Lignosulfonate Improves Soil Fertility by Promoting Exchangeable Al3+ Immobilization and Facilitating Its Interaction with Soil Enzymes through Active Functional Group Surfaces

Soil acidification threatens soil health and sustainable agriculture, and conventional mitigation strategies have various limitations, underscoring the need for the creation of more effective and sustainable alternatives. In this study, we evaluated the effects of calcium lignosulfonate (CL) on the physicochemical properties of acidic soils (Rs, K₂j, and J₂s) through pot experiments.

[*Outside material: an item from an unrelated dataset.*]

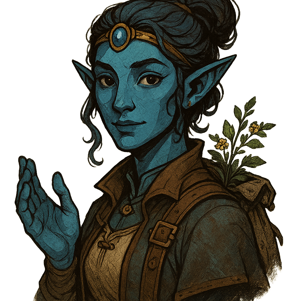 The people of Fadrín are known for their warmth and hospitality, though they carry themselves with the serene patience of the mountain winds. They are skilled in songcraft, weaving, and guiding travelers through the dangerous high passes, often seen as guardians of the border where forest and mountain meet. Though smaller and quieter than the great cities of the Elfwood, Fadrín is revered for its beauty, harmony, and the otherworldly grace of its blue-skinned folk.

Additionally, molecular modeling calculations were employed to investigate the interaction mechanisms between CL and soil exchangeable acidity and active enzyme. The results showed that CL was superior to lime in reducing phytotoxic exchangeable Al³⁺, enhancing soil acidification buffering capacity, and improving soil fertility and plant biomass accumulation. These benefits were attributed to the strong competitive adsorption of exchangeable Al³⁺ by the CL surface active functional groups, enhanced interactions between CL and soil enzymes, and the restructuring of microbial communities. These findings provide valuable insights for developing efficient soil amendments to mitigate the effects of acidification, ultimately enhancing soil health and agricultural productivity.